**YOUR TASK:**
Print the records below exactly, and do not carry over any picture.
╔══
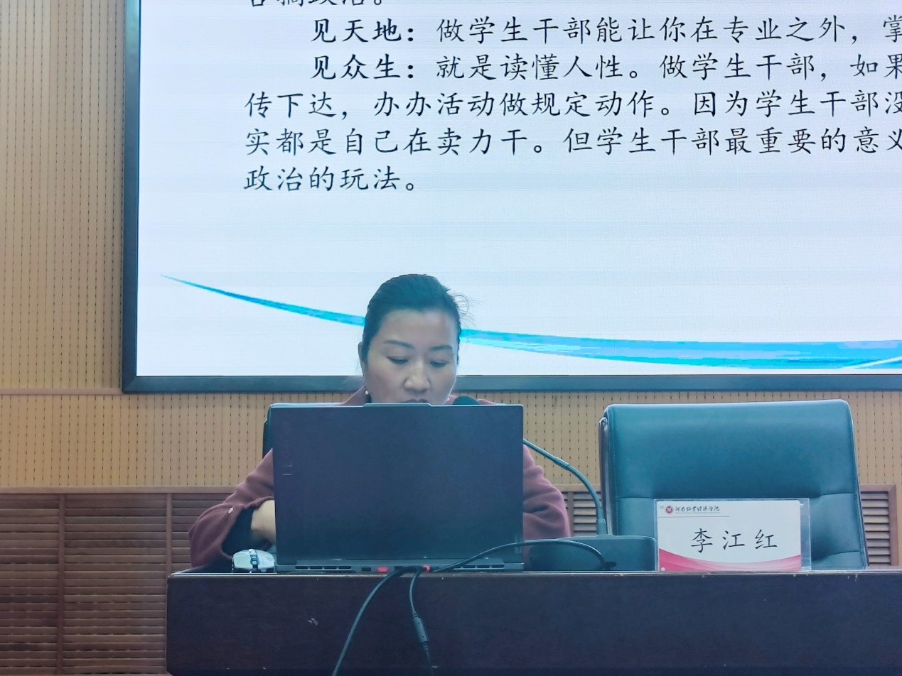 2023年11月20日,我院“青马工程”大学生骨干培训班暨学生干部素质能力提升培训班第一讲——《学生干部的学习与发展规划》专题报告在学术报告厅举行。本次报告由院党委副书记李江红担任主讲。
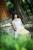 镜祭穿着白色连衣短裙扮演五更琉璃白猫,在木制栏杆的围角旁,扶着太阳帽的正面照
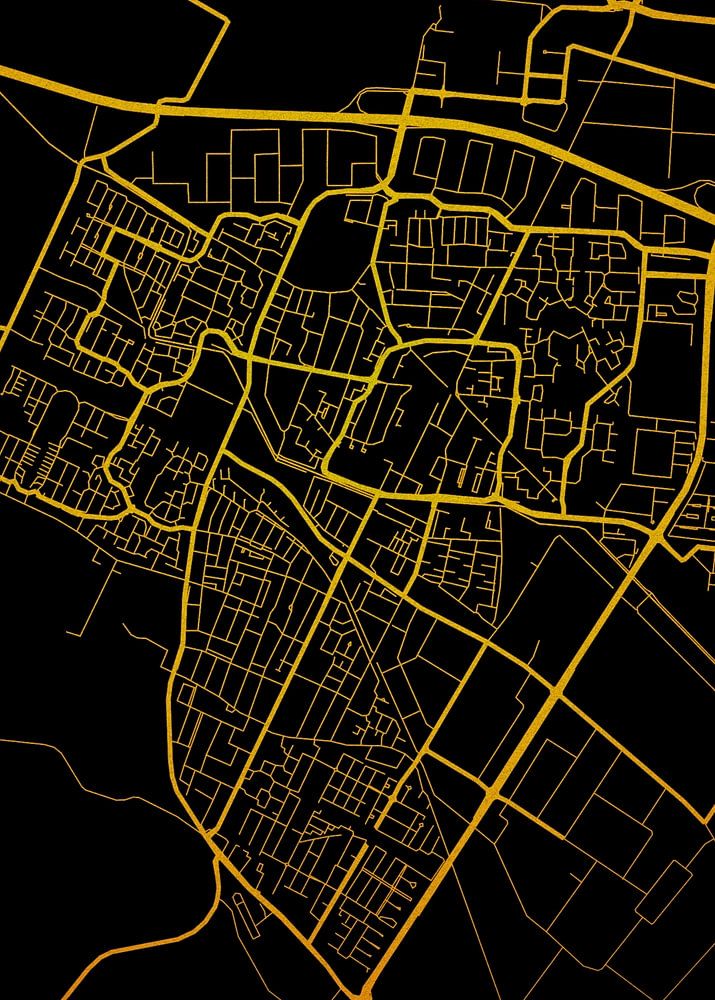Buy this landscape artwork Veenendaal City Map Modern Black Gold by Kenda Maruyama on canvas, ArtFrame, poster and wallpaper, printed on demand in high quality.
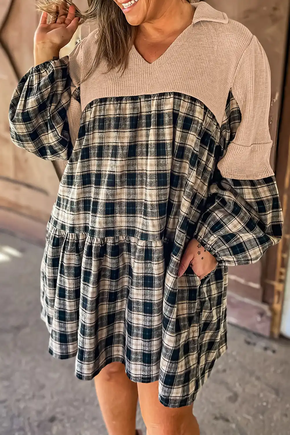 Khaki Checkerboard Striped Patchwork Lantern Sleeve Pocketed Blouse
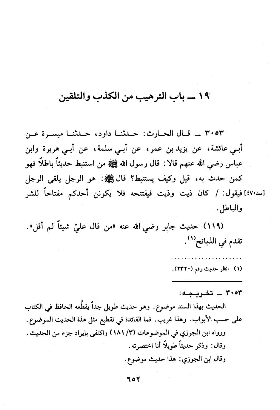 3053 - قَالَ الْحَارِثُ: حَدَّثَنَا دَاوُدُ، حَدَّثَنَا مَيْسَرَةُ عَنْ أَبِي عَائِشَةَ، عَنْ يَزِيدَ بْنِ عُمَرَ، عَنْ أَبِي سَلَمَةَ، عَنْ أَبِي هُرَيْرَةَ وَابْنِ عَبَّاسٍ رَضِيَ الله عَنْهُمْ قَالَا: قَالَ رَسُولُ اللَّهِ صَلَّى اللَّهُ عَلَيْهِ وَسَلَّمَ §مَنِ اسْتَنْبَطَ حَدِيثًا بَاطِلًا فَهُوَ كَمَنْ حَدَّثَ بِهِ، قِيلَ وَكَيْفَ يَسْتَنْبِطُ؟ قَالَ صَلَّى اللَّهُ عَلَيْهِ وَسَلَّمَ: هُوَ الرَّجُلُ يَلْقَى الرَّجُلَ فَيَقُولُ: / كَانَ ذَيْتَ وَذَيْتَ فَيَفْتَتِحُهُ فَلَا يَكُونَنَّ أَحَدُكُمْ مِفْتَاحًا لِلشَّرِّ وَالْبَاطِلِ.
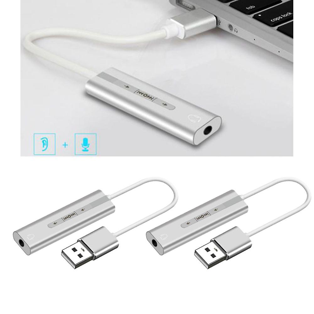 Audio Card - brand generique - 2 Pieces Aluminum Alloy USB External Stereo Sound Card Adapter For Headphone Highlights marque generique 2 Pieces Aluminum Alloy USB External Stereo Sound Card Adapter For Headphone Description: The USB external sound card Easily adds a 3.5mm TRRS port (built-in audio interface and 7.1 audio output, support microphone) to your computer, which allows you to connect your existing headset with 3.5mm TRRS to your PC via USB interface. EXTRA USB STEREO AUDIO ADAPTER WITH ADJUSTABLE VOLUME: It's perfect for bypassing a faulty sound card, audio port, or as a replacement for a broken USB audio adapter; With the ""+"" and ""-"" button, you can also adjust the volume according to your preference. Superb Sound Quality: USB external stereo sound adapter adopted advanced technology for best sound quality and device performance. It is built in a durable ABS case and with an ultra-compact design. Easy to set up: no driver required, just plug and play! USB bus powered, no external power required. Universal Compatibility: This usb headset adapter works with any standard USB Audio Class compatible system, including Windows 10/ 8.1/ 8/ 7/ Vista/ XP, Mac OSX, Linux and PS4, Windows surface 3 pro, Raspberry Pi etc Package includes: 2pcs USB Stereo Audio Adapter with 3.5mm TRRS
╚══
**RESPONSE TO THE EXERCISE:**
 2023年11月20日,我院“青马工程”大学生骨干培训班暨学生干部素质能力提升培训班第一讲——《学生干部的学习与发展规划》专题报告在学术报告厅举行。本次报告由院党委副书记李江红担任主讲。
 镜祭穿着白色连衣短裙扮演五更琉璃白猫,在木制栏杆的围角旁,扶着太阳帽的正面照
Buy this landscape artwork Veenendaal City Map Modern Black Gold by Kenda Maruyama on canvas, ArtFrame, poster and wallpaper, printed on demand in high quality.
 Khaki Checkerboard Striped Patchwork Lantern Sleeve Pocketed Blouse
 3053 - قَالَ الْحَارِثُ: حَدَّثَنَا دَاوُدُ، حَدَّثَنَا مَيْسَرَةُ عَنْ أَبِي عَائِشَةَ، عَنْ يَزِيدَ بْنِ عُمَرَ، عَنْ أَبِي سَلَمَةَ، عَنْ أَبِي هُرَيْرَةَ وَابْنِ عَبَّاسٍ رَضِيَ الله عَنْهُمْ قَالَا: قَالَ رَسُولُ اللَّهِ صَلَّى اللَّهُ عَلَيْهِ وَسَلَّمَ §مَنِ اسْتَنْبَطَ حَدِيثًا بَاطِلًا فَهُوَ كَمَنْ حَدَّثَ بِهِ، قِيلَ وَكَيْفَ يَسْتَنْبِطُ؟ قَالَ صَلَّى اللَّهُ عَلَيْهِ وَسَلَّمَ: هُوَ الرَّجُلُ يَلْقَى الرَّجُلَ فَيَقُولُ: / كَانَ ذَيْتَ وَذَيْتَ فَيَفْتَتِحُهُ فَلَا يَكُونَنَّ أَحَدُكُمْ مِفْتَاحًا لِلشَّرِّ وَالْبَاطِلِ.
 Audio Card - brand generique - 2 Pieces Aluminum Alloy USB External Stereo Sound Card Adapter For Headphone Highlights marque generique 2 Pieces Aluminum Alloy USB External Stereo Sound Card Adapter For Headphone Description: The USB external sound card Easily adds a 3.5mm TRRS port (built-in audio interface and 7.1 audio output, support microphone) to your computer, which allows you to connect your existing headset with 3.5mm TRRS to your PC via USB interface. EXTRA USB STEREO AUDIO ADAPTER WITH ADJUSTABLE VOLUME: It's perfect for bypassing a faulty sound card, audio port, or as a replacement for a broken USB audio adapter; With the ""+"" and ""-"" button, you can also adjust the volume according to your preference. Superb Sound Quality: USB external stereo sound adapter adopted advanced technology for best sound quality and device performance. It is built in a durable ABS case and with an ultra-compact design. Easy to set up: no driver required, just plug and play! USB bus powered, no external power required. Universal Compatibility: This usb headset adapter works with any standard USB Audio Class compatible system, including Windows 10/ 8.1/ 8/ 7/ Vista/ XP, Mac OSX, Linux and PS4, Windows surface 3 pro, Raspberry Pi etc Package includes: 2pcs USB Stereo Audio Adapter with 3.5mm TRRS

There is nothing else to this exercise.